───── Listed entries ─────

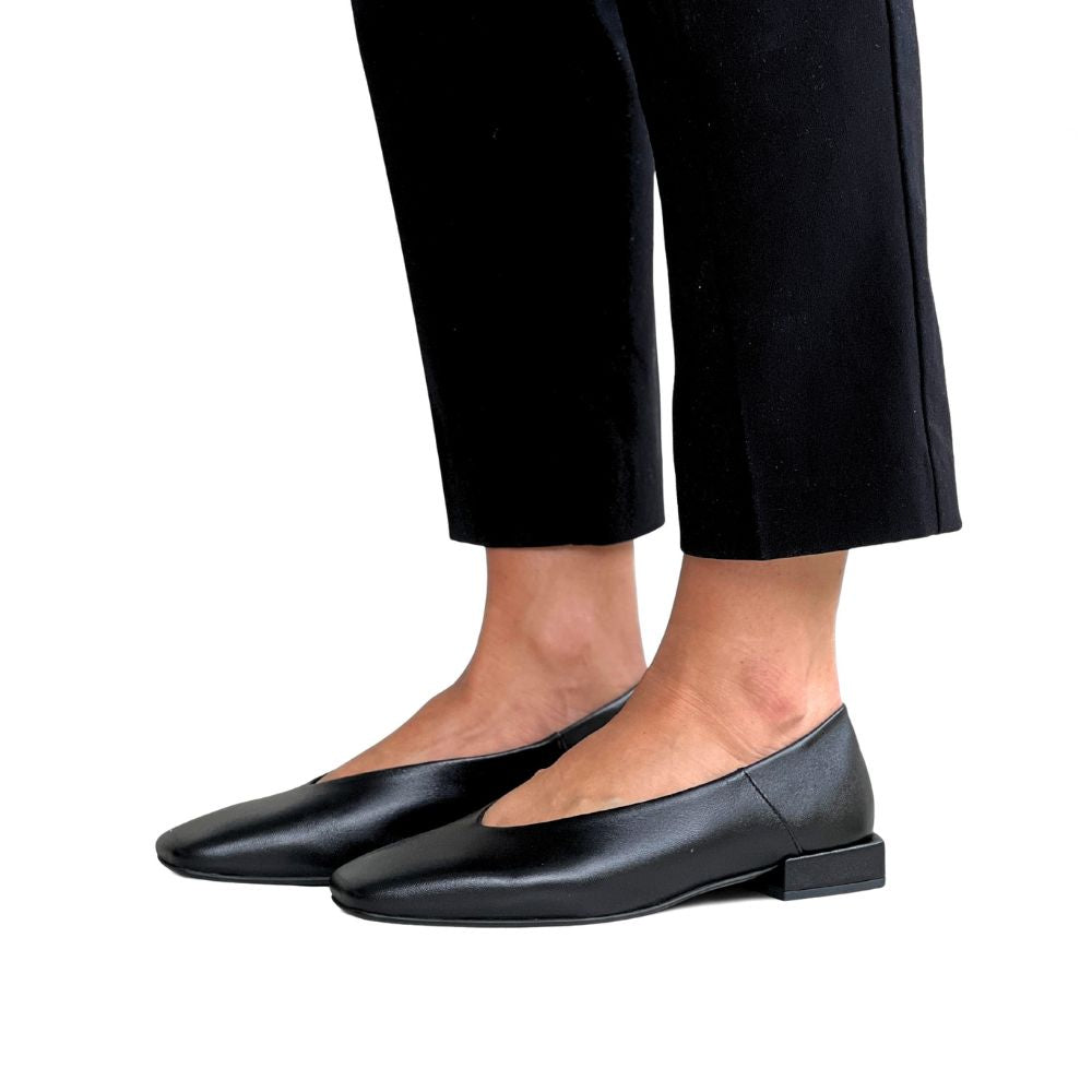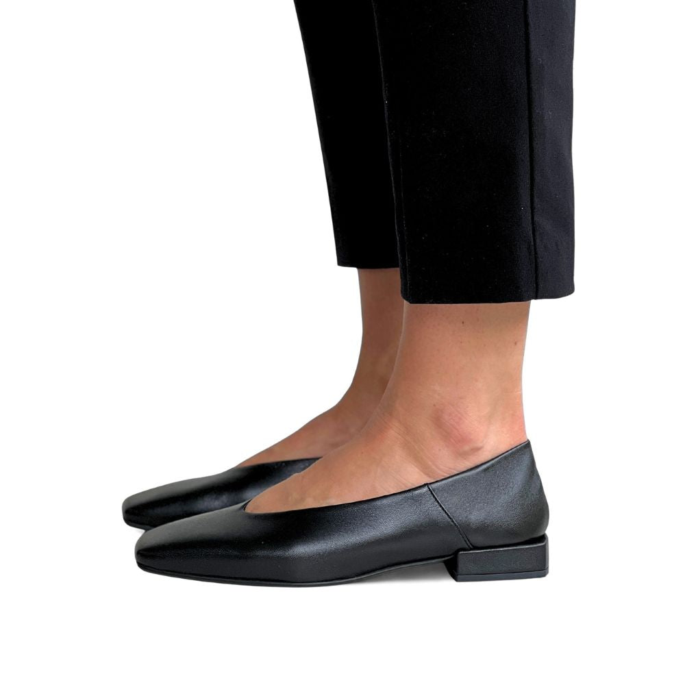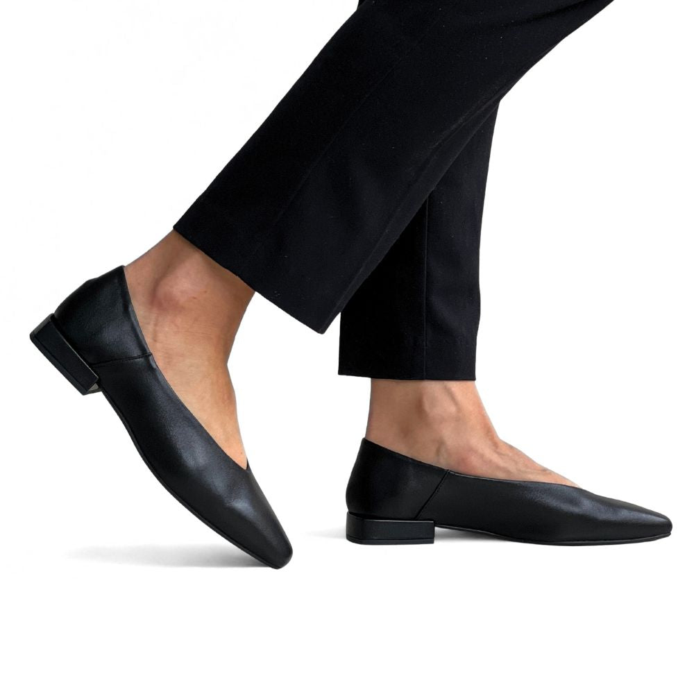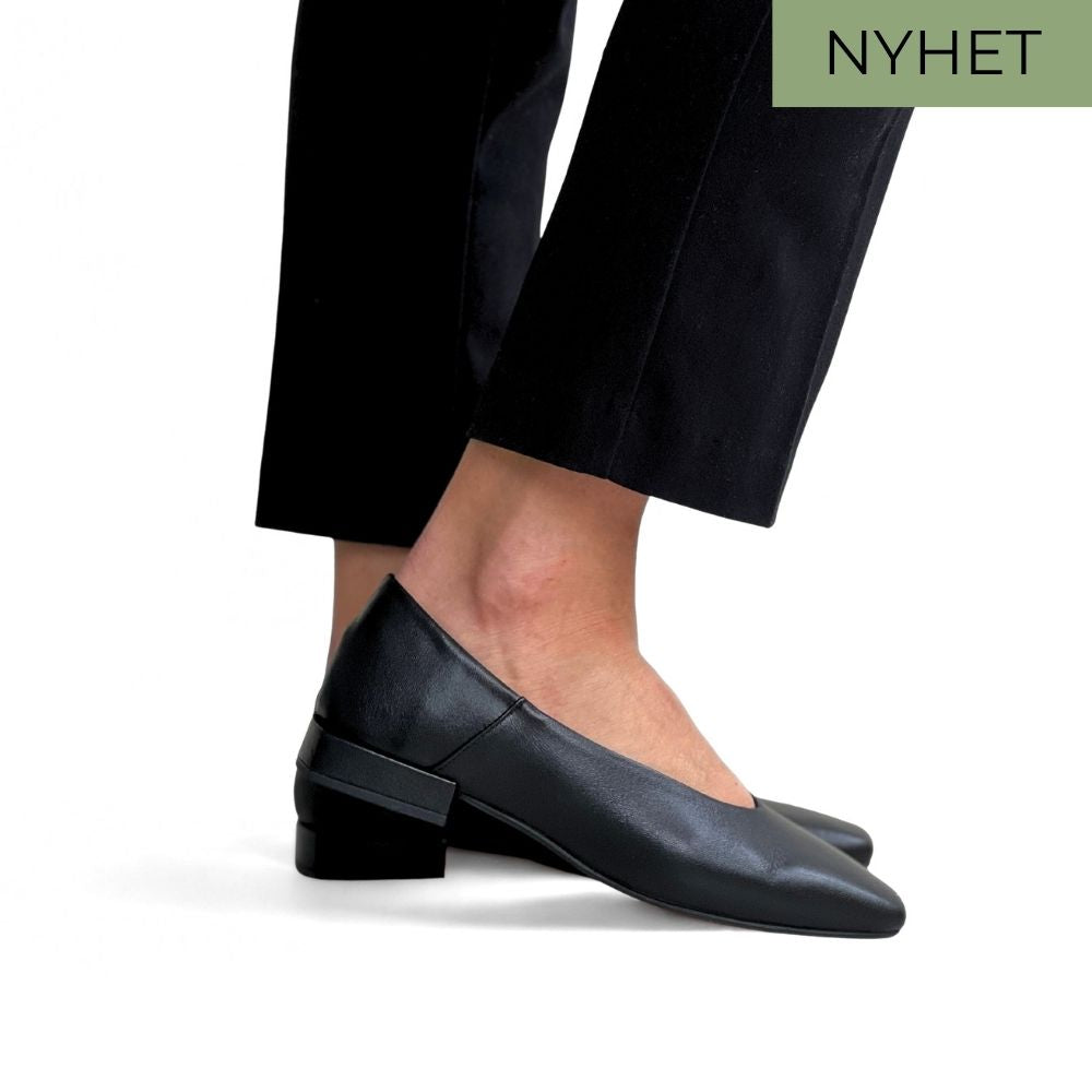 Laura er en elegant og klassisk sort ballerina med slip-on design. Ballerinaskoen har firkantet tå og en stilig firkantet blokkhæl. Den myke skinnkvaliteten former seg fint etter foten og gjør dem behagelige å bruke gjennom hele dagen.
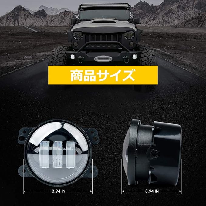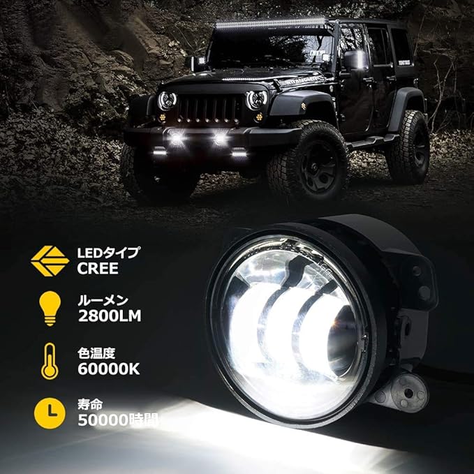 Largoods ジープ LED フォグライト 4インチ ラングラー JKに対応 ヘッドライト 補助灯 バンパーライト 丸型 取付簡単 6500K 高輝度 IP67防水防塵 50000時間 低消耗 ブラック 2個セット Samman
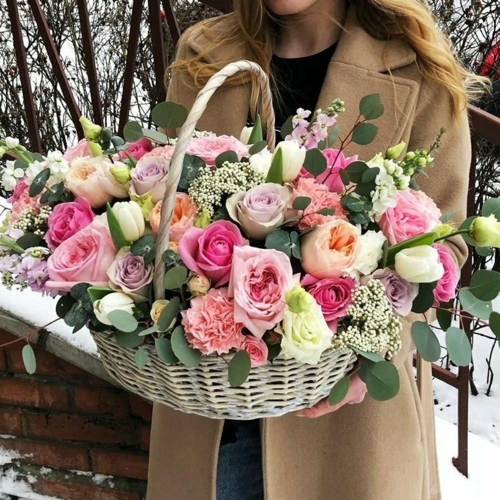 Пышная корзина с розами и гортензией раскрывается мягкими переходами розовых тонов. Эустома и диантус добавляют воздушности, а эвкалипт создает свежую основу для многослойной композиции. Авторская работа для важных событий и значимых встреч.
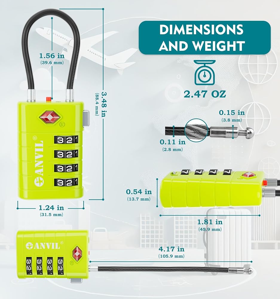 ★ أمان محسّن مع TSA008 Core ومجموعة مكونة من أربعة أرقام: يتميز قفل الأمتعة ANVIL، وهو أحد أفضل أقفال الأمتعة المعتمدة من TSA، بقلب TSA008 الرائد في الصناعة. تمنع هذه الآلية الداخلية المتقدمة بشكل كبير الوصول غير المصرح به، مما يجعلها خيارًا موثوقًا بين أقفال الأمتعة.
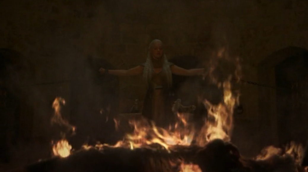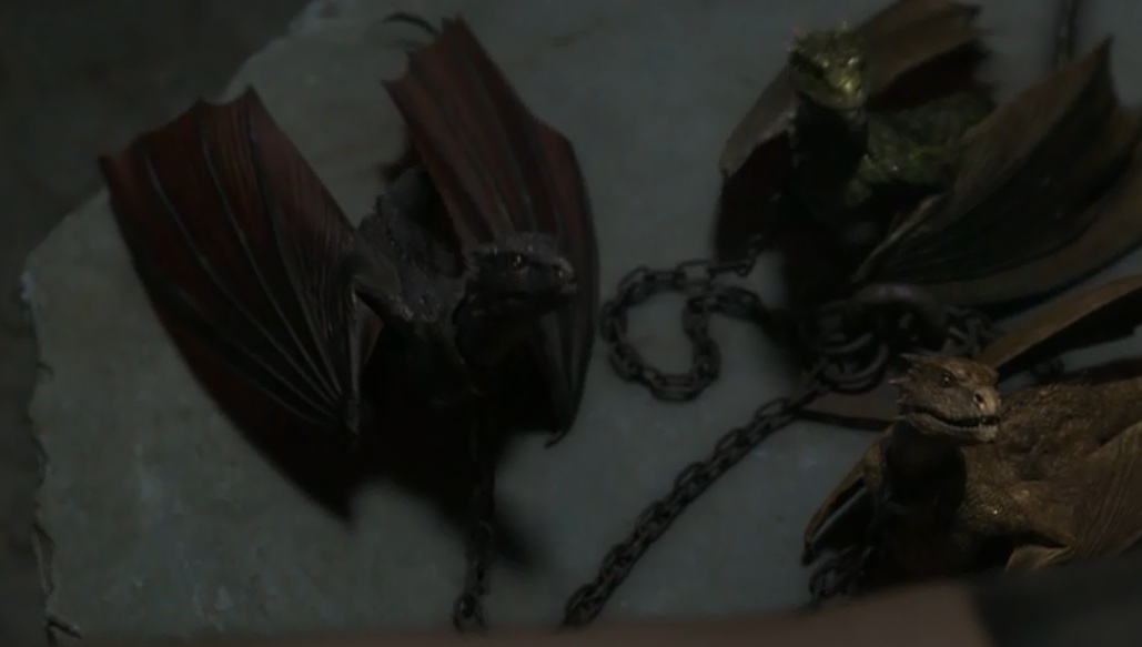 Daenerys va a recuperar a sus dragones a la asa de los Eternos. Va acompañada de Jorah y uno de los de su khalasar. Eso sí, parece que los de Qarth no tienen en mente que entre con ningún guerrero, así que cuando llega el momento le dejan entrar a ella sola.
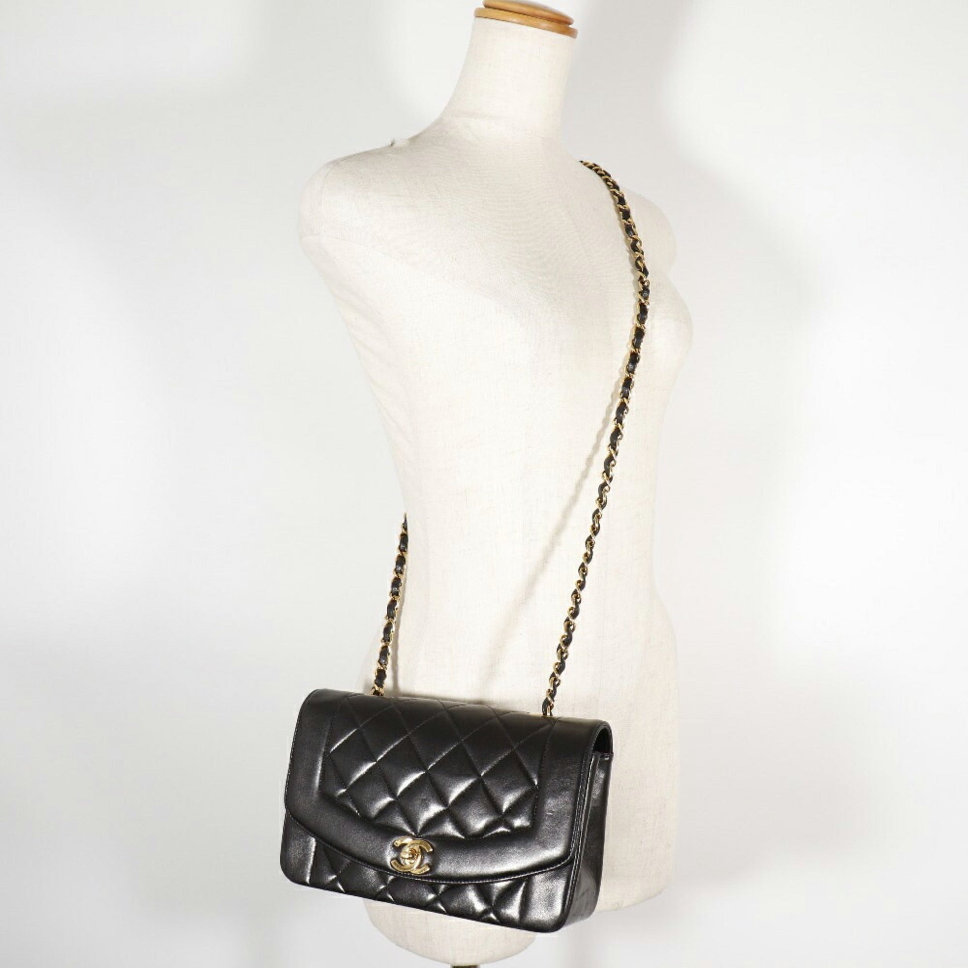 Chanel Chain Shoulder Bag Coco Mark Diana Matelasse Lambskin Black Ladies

─────

## Problem statement
Make an exact copy of the records, pictures excluded.

## Answer to this exercise
 Laura er en elegant og klassisk sort ballerina med slip-on design. Ballerinaskoen har firkantet tå og en stilig firkantet blokkhæl. Den myke skinnkvaliteten former seg fint etter foten og gjør dem behagelige å bruke gjennom hele dagen.
 Largoods ジープ LED フォグライト 4インチ ラングラー JKに対応 ヘッドライト 補助灯 バンパーライト 丸型 取付簡単 6500K 高輝度 IP67防水防塵 50000時間 低消耗 ブラック 2個セット Samman
 Пышная корзина с розами и гортензией раскрывается мягкими переходами розовых тонов. Эустома и диантус добавляют воздушности, а эвкалипт создает свежую основу для многослойной композиции. Авторская работа для важных событий и значимых встреч.
 ★ أمان محسّن مع TSA008 Core ومجموعة مكونة من أربعة أرقام: يتميز قفل الأمتعة ANVIL، وهو أحد أفضل أقفال الأمتعة المعتمدة من TSA، بقلب TSA008 الرائد في الصناعة. تمنع هذه الآلية الداخلية المتقدمة بشكل كبير الوصول غير المصرح به، مما يجعلها خيارًا موثوقًا بين أقفال الأمتعة.
 Daenerys va a recuperar a sus dragones a la asa de los Eternos. Va acompañada de Jorah y uno de los de su khalasar. Eso sí, parece que los de Qarth no tienen en mente que entre con ningún guerrero, así que cuando llega el momento le dejan entrar a ella sola.
 Chanel Chain Shoulder Bag Coco Mark Diana Matelasse Lambskin Black Ladies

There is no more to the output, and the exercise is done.